Making Mud Pies In My Mud Puddle

Sunday was the Daddy/Daughter dance that NCC held at Ebenezers. It was splendidly put on by my awesome friend, Floss. I couldn't be more proud of her vision, direction and attitude for tonight. It was a HUGE success!

As the girls entered in, the expression on their faces were so priceless. Each girl unique and lovely in her own way with their dresses, tiaras, and heels (or pink uggs). All the volunteers were immediately wishing each of their own fathers were with there to dance with them.

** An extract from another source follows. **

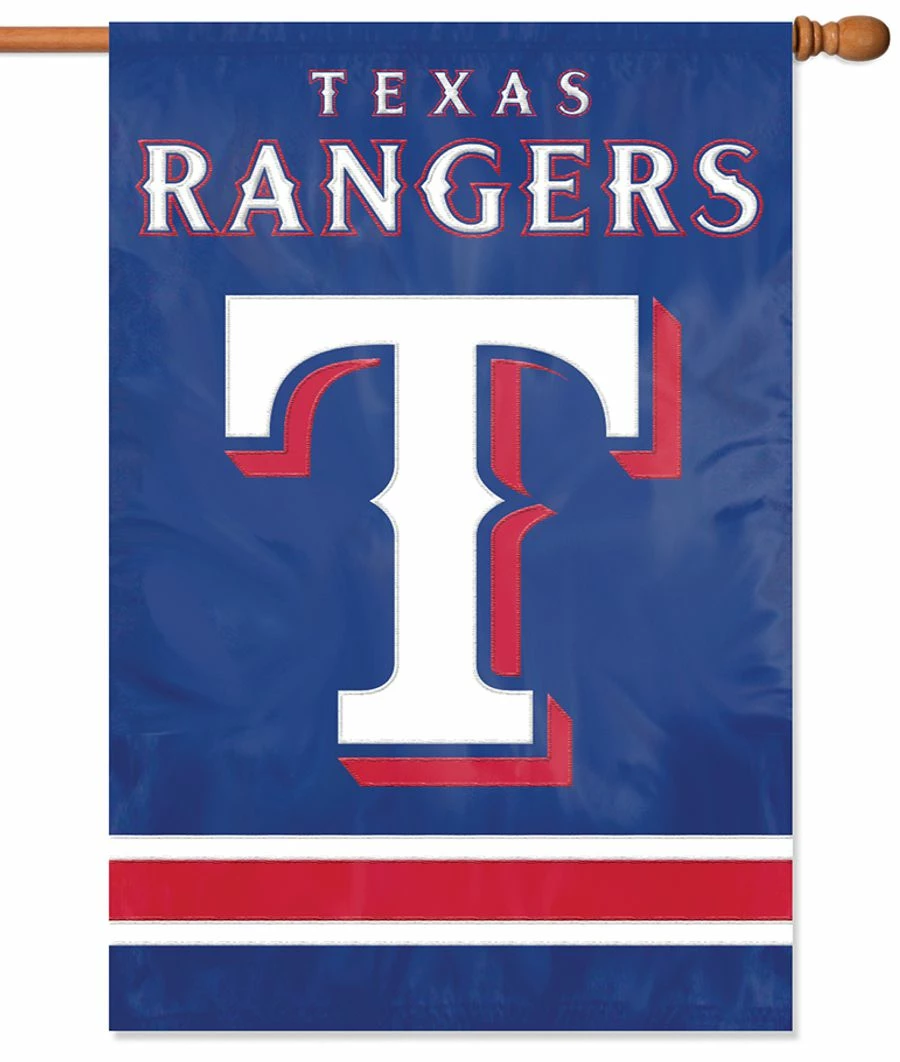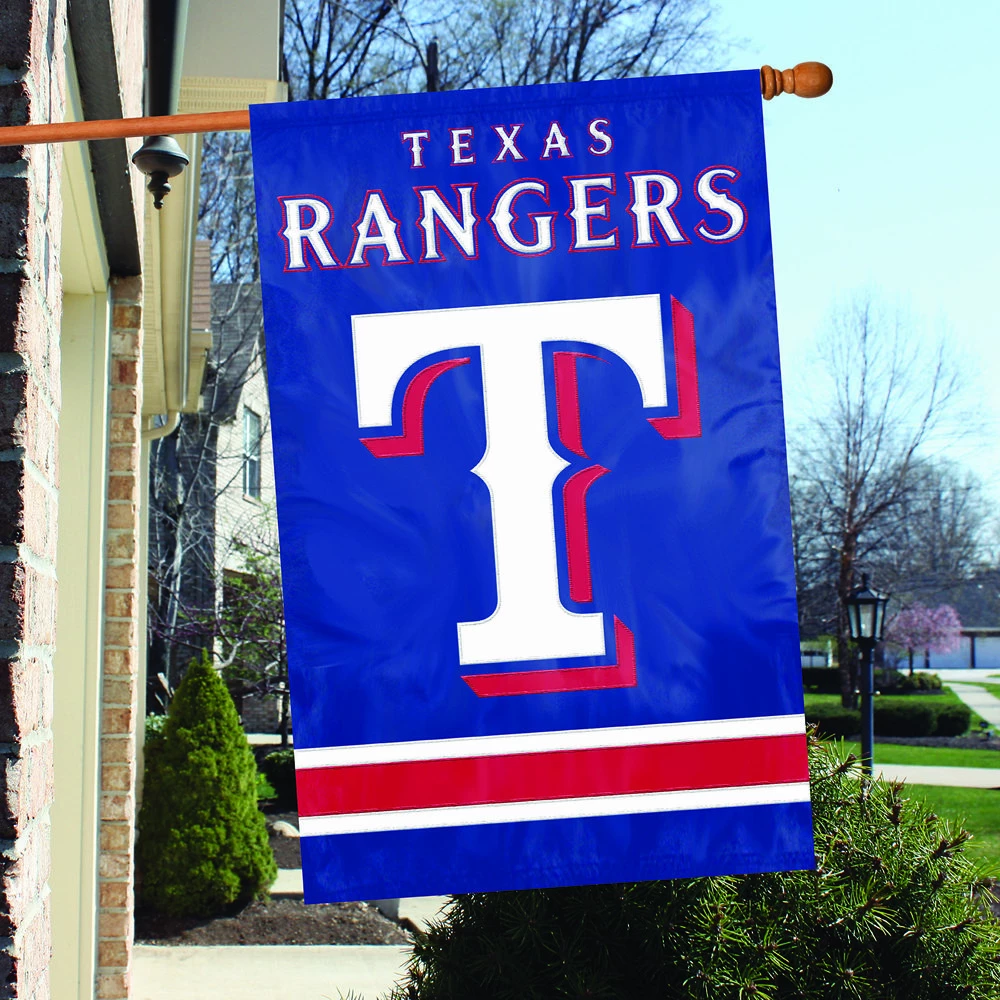 Display this beautifully crafted, official team logo, Texas Rangers decorative house flag on gameday or every day. All of the details are appliqued and embroidered and the lettering reads correctly from both sides. These flags are suitable to fly outdoors but attractive enough to hang indoors as well. Also makes a great gift for your favorite Rangers fan!

Hearing comments and listening to memories of my friends with their dads was bittersweet for me. 26 years of my life, I have never cared that my dad wasn't present in my life and all of a sudden, I feel a tug in my heart. Someone mentioned that I should call my dad so I could dance with him at the event. Honestly, I've gotten by with 26 years of my life without him being present at graduations, birthdays, and other major events in my life. So the fact that he wasn't around for a daddy/daughter dance (that is for OTHER little girls) completely threw me in for a loop. I'm not really sure why, now, God has decided that THIS is the time for me to focus on this issue, but let me just throw it out there in the blogosphere that I am NOT a fan of this! There. Now that you know I'm stomping my feet and in full denial of what's actually happening... it's time to get down to the nitty gritty. My heart hurts and I feel like I'm even deeper in my mud puddle then when I initially started this process 4 weeks ago. This is definitely not how I envisioned the other side of the 21 day prayer challenge/fast. I am most definitely not jumping, yelling, screaming of joy from the top of the mountain in case you didn't' notice. I'm quickly learning that I need to be comfortable in my mud puddle and just make some mud pies while I'm here, because there is no end anytime soon.

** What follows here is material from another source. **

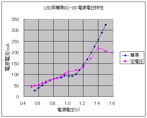 ▼白色LED点灯用簡易DC-DC>定電圧動作との比較
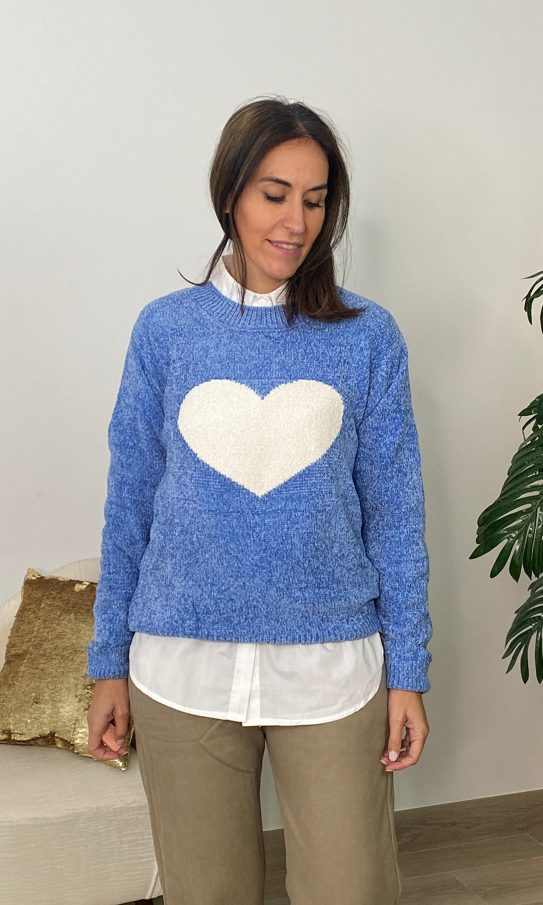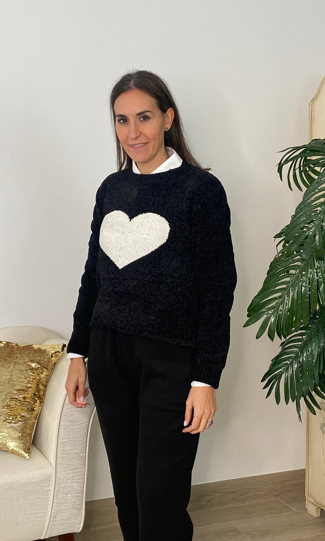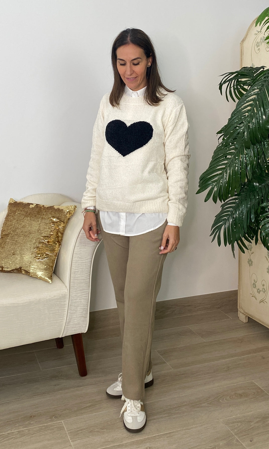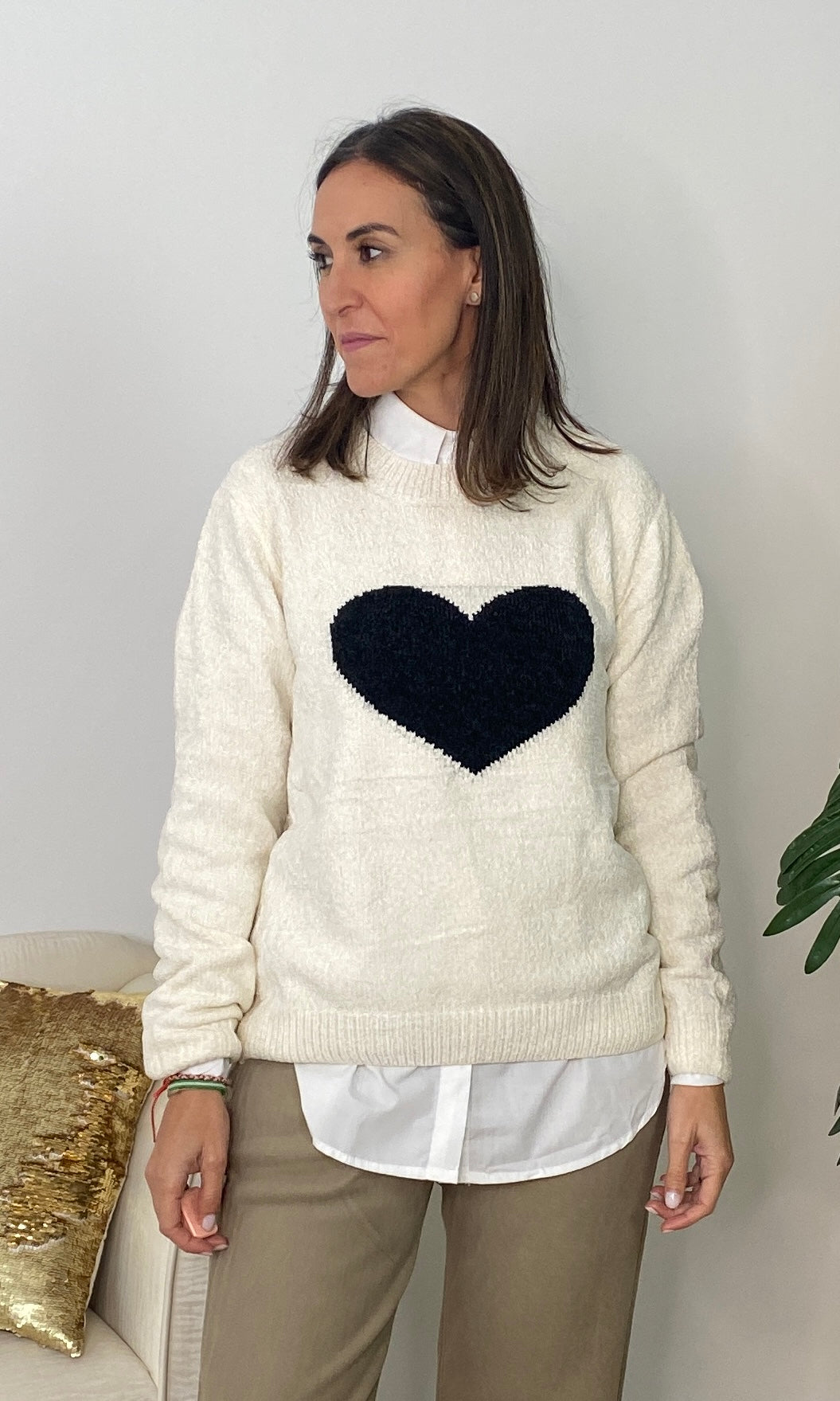 • Añade un toque dulce y atemporal a tus looks con nuestro jersey con corazón blanco, una prenda de punto suave perfecta para el día a día. Su diseño favorece a todos los tonos de piel, mientras que el corazón central en relieve aporta un detalle tierno y luminoso que lo convierte en una pieza especial y muy combinable. Su textura cálida y confortable lo hace ideal para la temporada de otoño e invierno, ofreciendo un ajuste cómodo gracias a su corte recto, su cuello redondo y su tejido agradable al tacto. Es perfecto para llevar con camisa debajo, como en la foto, o para crear looks más casuales con vaqueros o pantalones fluidos.

On a positive note, I'm so proud to be part of a church who works so hard to emphasize the importance of a solid relationship between a father and a daughter. In the cutest and pinkest way possible, dad's were asked to "step up, but yet be encouraged" in their relationships with their daughters. Little girls were encouraged to be a princess and were doted on endlessly. I love thinking about the memory they'll all have from tonight when they get married in the future.